In some embodiments, both the first learning model and the second learning model may be trained using a minimized negative log likelihood.

Taking the first learning model as an example, when the source language to be abstracted isWhen training is performed on a first training data set consisting of long text of a language and corresponding single-language abstract of a source language, model parameters of a first learning model can be performed firstlyThen in the long text +.>As input, abstracts +.>As the true value of the output, by minimizing negative log-likelihood ++>To>Optimizing, in particular, the first in the prediction source language digestiWhen words are separated, the training target of the first learning model is shown in a formula (4):

formula (4)

Wherein, the liquid crystal display device comprises a liquid crystal display device,is at->And->Under the condition of->Is a conditional probability distribution of (c).

In some embodiments, the training target may be solved by using a gradient descent method, or other suitable solving methods may be used, which the present application is not limited to.

Similarly, for the second learning model, training may be performed on a second training data set consisting of long text of the source language to be abstracted, corresponding source language single language abstracts, and target language abstracts. First, model parameters are carried out on a second learning modelIs then used to initialize the long text +.>And Source language Single language abstract->Together as input to the second learning model with the corresponding target language abstract +.>As a true value of the model output, the model parameter can similarly still be scaled by minimizing the negative log-likelihood>Optimizing, i.e. in the predicted target language digest +.>When words are used, the training target of the second learning model is shown in a formula (5):

formula (5)

In other embodiments, the first learning model and the second learning model may also be trained using other loss functions, such as confusion, cross entropy loss functions, and the like, as the application is not limited in this regard.
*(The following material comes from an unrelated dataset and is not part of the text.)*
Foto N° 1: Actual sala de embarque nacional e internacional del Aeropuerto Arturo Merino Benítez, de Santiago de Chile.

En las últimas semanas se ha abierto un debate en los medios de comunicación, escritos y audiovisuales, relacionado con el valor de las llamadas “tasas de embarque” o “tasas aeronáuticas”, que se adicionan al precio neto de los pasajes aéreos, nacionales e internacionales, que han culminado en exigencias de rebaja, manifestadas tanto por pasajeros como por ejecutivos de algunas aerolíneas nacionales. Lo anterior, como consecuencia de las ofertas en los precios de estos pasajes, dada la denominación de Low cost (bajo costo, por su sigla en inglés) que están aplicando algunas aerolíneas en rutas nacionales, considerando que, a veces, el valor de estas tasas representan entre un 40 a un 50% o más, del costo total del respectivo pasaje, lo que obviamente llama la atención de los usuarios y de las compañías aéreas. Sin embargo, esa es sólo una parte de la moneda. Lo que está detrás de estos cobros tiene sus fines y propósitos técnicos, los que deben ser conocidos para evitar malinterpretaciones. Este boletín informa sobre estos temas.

It should be noted that although the first learning model and the second learning model may each employ a pre-training model structure similar to the encoder-decoder model 70, parameters of the pre-training model and the pre-training targets thereof may be set according to respective needs, in particular, the pre-training model employed by the first learning model uses a negative log likelihood of minimizing sentence reconstruction as a training target (self-supervised) when pre-training, and the pre-training model employed by the second learning model uses a negative log likelihood of minimizing multilingual translation as a training target (supervised) when pre-training, which may enable the first learning model to be more accurately adapted to the source language abstract task, and the second learning model to be more adapted to the cross-language abstract task.
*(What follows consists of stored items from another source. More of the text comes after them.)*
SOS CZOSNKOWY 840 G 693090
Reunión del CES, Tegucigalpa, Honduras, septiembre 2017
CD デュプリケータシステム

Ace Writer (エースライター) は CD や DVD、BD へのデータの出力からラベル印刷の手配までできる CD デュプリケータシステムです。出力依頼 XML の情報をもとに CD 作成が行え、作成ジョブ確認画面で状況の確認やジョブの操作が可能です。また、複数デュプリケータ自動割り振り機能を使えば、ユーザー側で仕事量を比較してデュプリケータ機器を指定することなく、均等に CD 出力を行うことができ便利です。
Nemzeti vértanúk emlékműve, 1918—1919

FIG. 8 shows a schematic diagram of performance analysis of a method according to an embodiment of the application on different data sets. In the method column of fig. 8, 2-Step represents a method of generating a cross-language abstract using an embodiment of the application, and the second learning model uses a word-level concatenation method. Two non-public data sets DialogSumX (daily dialogue, 140 words long) and QMSumX (conference dialogue, 3k-7k words long) were used in the experiment, wherein for the DialogSumX data set, the experimental mode is to select a long text of the source language to be summarized from the DialogSumX data set, and a model or system adopting a 2-Step method or other methods is required to generate a target language summary. For a QMSumX dataset, the experimental approach is to perform a cross-language summary task on the dataset based on a query in a target language given by the user, namely: given long text in the source language to be summarized, and a query task in the target language, a model or system employing a 2-Step method or other method is required to generate a target language summary related to the query task in the target language. Thus, on the QMSumX dataset, the present application will employ the method as shown in fig. 2, namely: firstly, translating a received query task in a target language input by a user into a query task in a source language, then taking the query task and a long text in the source language as inputs to generate a source language abstract, and then combining the long text in the source language and the query task in the target language with the generated source language abstract to generate the target language abstract.

Other cross-lingual summary methods in FIG. 8 for performance comparison with the methods of the application include: S-T: firstly, a source language abstract is carried out, and then the source language abstract is translated into a pipeline method of a target language abstract; E2E: an end-to-end method for generating a target language abstract directly based on a long text of a source language; E2M: a variation of the end-to-end method that models sequentially generate a source language digest and a target language digest using the same decoder at decoding time; T-S-T: firstly translating a query task in a target language into a query task in a source language, then taking the query task and a long text in the source language as input, carrying out source language abstracts, and then translating the generated source language abstracts to generate the target language abstracts.

In addition, the experiment of fig. 8 includes 3 cross-lingual abstract language directions, namely: english is given as the source language, and Chinese, french, and Ukrait are given as the target language. The experiments used Rough and BERTSCore as automatic assessment indices, giving F1 scores for Rough-1 (R1), rough-2 (R2) and Rough-L (RL), and BERTSCore (BS), respectively. The above-mentioned calculation method of the automatic evaluation index is well known to those skilled in the art, and is not described in detail herein. As can be seen from the experimental results shown in FIG. 8, the 2-Step method according to the embodiment of the application is significantly better than other cross-language abstract methods under different task scenes and language scenes, and the best evaluation score is obtained as a whole.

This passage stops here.